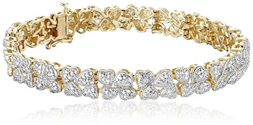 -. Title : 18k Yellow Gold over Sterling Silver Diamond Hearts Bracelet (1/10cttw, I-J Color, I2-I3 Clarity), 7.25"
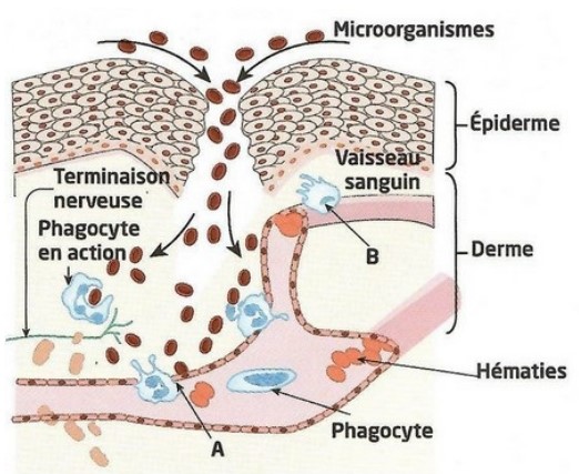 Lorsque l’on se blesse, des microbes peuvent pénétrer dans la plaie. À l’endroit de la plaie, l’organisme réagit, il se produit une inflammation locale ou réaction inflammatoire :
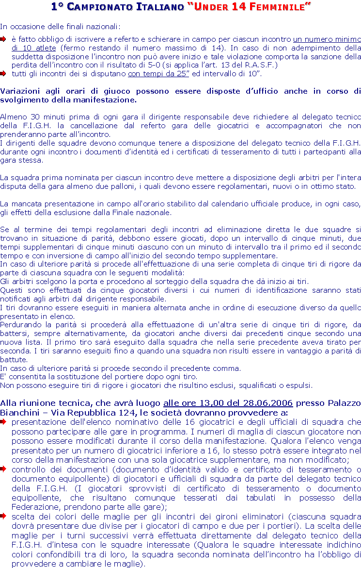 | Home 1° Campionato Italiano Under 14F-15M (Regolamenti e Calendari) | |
-- -- --
## Work request
Nothing but an exact copy of the data above, minus its pictures, should appear in the response.

## Response to the exercise
 -. Title : 18k Yellow Gold over Sterling Silver Diamond Hearts Bracelet (1/10cttw, I-J Color, I2-I3 Clarity), 7.25"
 Lorsque l’on se blesse, des microbes peuvent pénétrer dans la plaie. À l’endroit de la plaie, l’organisme réagit, il se produit une inflammation locale ou réaction inflammatoire :
 | Home 1° Campionato Italiano Under 14F-15M (Regolamenti e Calendari) | |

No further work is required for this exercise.